L’autre intérêt du film est d’opposer cette notion organique à celle de l’intellect et du libre-arbitre. Cela s’incarne dans les deux figures féminines avec la « mère » (Julie-Marie Parmentier) froid prolongement de ce monde ou les individus et les chairs s’entremêlent dans une même agression. A l’inverse Stella (Roxane Duran) se montre curieuse de l’imaginaire de Nicolas à travers ces dessins, le stimule et l’extrait de cette neutralité oppressante. Dès lors Lucile Hadzihalilovic alterne l’imagerie clinique et uniforme des enfants cobaye avec des séquences poétiques où Nicolas s’évade avec Stella dans des créations envoutantes rattachées à ce monde sous-marin. 

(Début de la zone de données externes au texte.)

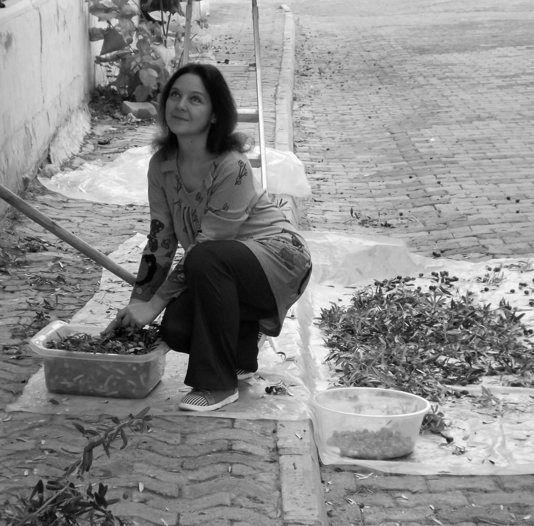 У нас в саду растут две оливы. Серебристые листочки, неприметные мелкие цветки со слабым запахом, бледные плоды, которых среди листвы и не особо заметишь. Но в один момент они начинают созревать. И вот уже все дерево просто усыпано ярко-зелеными, а потом сизо-черными оливками. И они падают на траву. Пора собирать урожай.

Les compositions de plans majestueuses isolent Stella et Nicolas, les lents mouvements de caméra les accompagnent dans leurs pérégrinations marines et la réalisatrice capture une tendresse ambigüe synonyme de premiers émois érotiques. C’est une proposition de cinéma fantastique à la fois exigeante et laissant libre cours à l’attention et l’imaginaire du spectateur, y compris dans une conclusion muette absolument magnifique. Une continuité et un renouvellement passion des pistes amorcées dans Innocence. On espère ne pas avoir à attendre encore onze ans pour le prochain film de la talentueuse Lucile Hadzihalilovic.